● **Exercise description**
In the entries below, find the line with "and flawless coverage." and the line with "This Polish Pottery". Reproduce those two lines and every line between them exactly, and nothing more.

----- Data to use -----

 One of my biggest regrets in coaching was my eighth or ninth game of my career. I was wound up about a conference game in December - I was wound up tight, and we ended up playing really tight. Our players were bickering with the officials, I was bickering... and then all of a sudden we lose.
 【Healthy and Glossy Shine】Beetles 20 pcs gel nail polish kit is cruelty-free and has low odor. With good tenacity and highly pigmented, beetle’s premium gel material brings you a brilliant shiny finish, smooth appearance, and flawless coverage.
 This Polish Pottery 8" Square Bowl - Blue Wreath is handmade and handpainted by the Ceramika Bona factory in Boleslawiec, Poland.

-----
----- Data to use -----

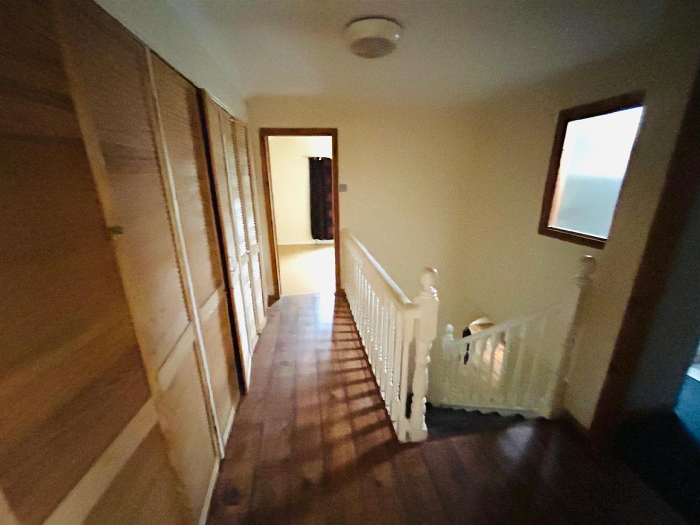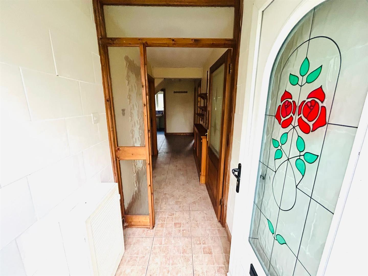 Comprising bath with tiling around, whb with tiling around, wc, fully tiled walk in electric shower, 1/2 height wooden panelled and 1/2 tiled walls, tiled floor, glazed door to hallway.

-----

● **Task output**
 【Healthy and Glossy Shine】Beetles 20 pcs gel nail polish kit is cruelty-free and has low odor. With good tenacity and highly pigmented, beetle’s premium gel material brings you a brilliant shiny finish, smooth appearance, and flawless coverage.
 This Polish Pottery 8" Square Bowl - Blue Wreath is handmade and handpainted by the Ceramika Bona factory in Boleslawiec, Poland.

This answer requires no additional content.